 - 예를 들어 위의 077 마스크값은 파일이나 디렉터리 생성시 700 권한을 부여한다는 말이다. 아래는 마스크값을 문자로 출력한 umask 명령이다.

* * *

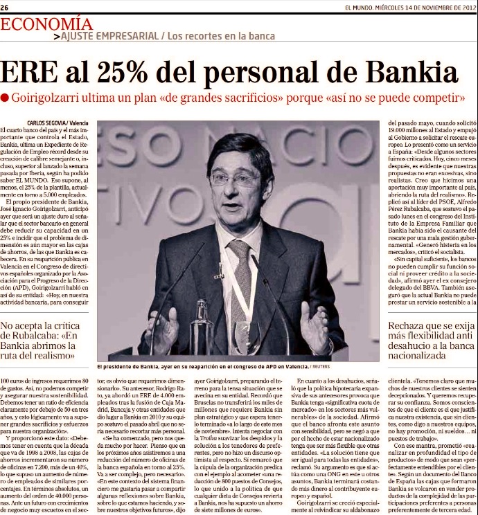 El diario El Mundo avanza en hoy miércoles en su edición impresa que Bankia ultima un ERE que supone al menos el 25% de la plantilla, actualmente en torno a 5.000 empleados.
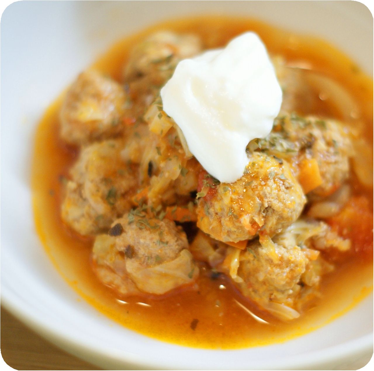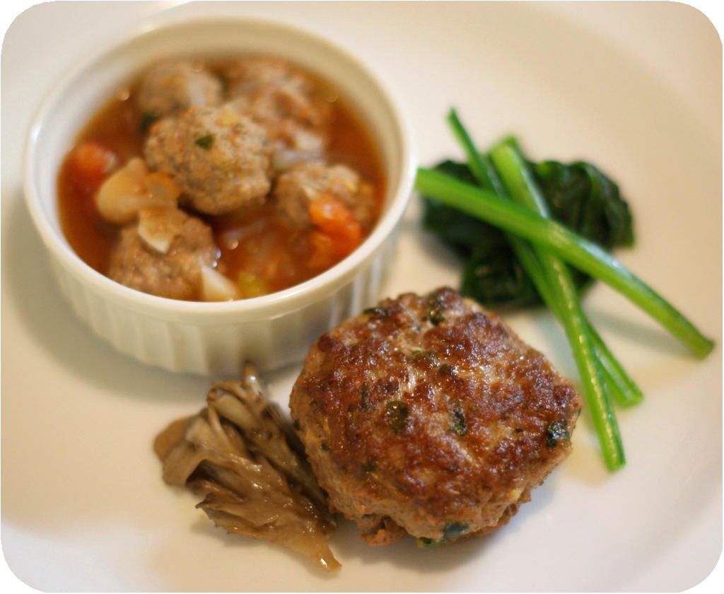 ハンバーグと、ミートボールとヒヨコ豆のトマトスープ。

#### Try it
Look back over the records above. Reproduce exactly everything from the line with "El diario El" down to the line with "ハンバーグと、ミートボールとヒヨコ豆のトマトスープ。", inclusive, and leave the pictures out.

#### Response below
 El diario El Mundo avanza en hoy miércoles en su edición impresa que Bankia ultima un ERE que supone al menos el 25% de la plantilla, actualmente en torno a 5.000 empleados.
 ハンバーグと、ミートボールとヒヨコ豆のトマトスープ。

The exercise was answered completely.